In both the 2019 World Cup and the 2022 T20 World Cup, early group-stage defeats left England with no margin for error in their last four games. On both occasions, they rediscovered their attacking batting style after being confronted with the prospect of elimination. “We’ve been in this position before – probably not to this degree – but we know everything is a must-win,” Moeen said.
“There’s no point playing the way we’re playing and then [we will] go out and go home and have regrets. I’ve always believed – and I believe still – that if we play how we play and we know we can play, most teams, we’ll beat… let’s at least go out with a bang, if we’re going to go out. And be entertaining. That’s really important, because that’s something we haven’t been at all.”
In selection, at the toss, and in their general approach, Moeen suggested that England have been guilty of overthinking. “For us, it’s just about playing how we play and not worrying too much about what the trend is at the moment,” he said. “A lot of the time, I feel England have set the trend for the last few years, and we’ve probably moved away from that.”
Moeen echoed the views of Rob Key, England’s managing director. “This is a unique place to come and play: it’s bloody tricky to work out what the best thing to do is,” Key said. “But what you can do is focus on what you actually do best – and regardless of any decisions that get made, you need your players to be playing at their very best in this competition. And we haven’t had that.”

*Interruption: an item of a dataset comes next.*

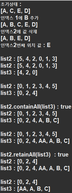 System.out.println("list2.containAll(list3) : " + list2.containsAll(list3)); // list2.containsAll(list3) : list2안에 list3의 요소가 있는가 return : boolean

Buttler is yet to fire at the World Cup, with 87 runs in four innings, and has a heavy workload as a keeper-captain. In Mumbai, he found himself running from behind the stumps to pass on advice to his bowlers and then back again while England were hammered at the death. “It’s not always that easy for a keeper to communicate,” Moeen said, adding that players have told him they “miss having me at mid-off”.
Among Moeen’s biggest challenges as vice-captain has been giving his inputs on selection and weighing up whether or not he believes he should play. “When Jos asks me what I think for the side and I don’t put myself in, or if I put myself in, that’s the hardest bit,” he said. “You try and do what’s best for the team as much as you can.”
That same mantra will underpin Moeen’s approach on Thursday: “I’m going to use all the intent that I have and take it on. That doesn’t mean slogging… it just means being brave and taking a risk if I need to – just being me, really. I’m going to take the situation out [of it] a lot of the time and just enjoy it as much as I can.”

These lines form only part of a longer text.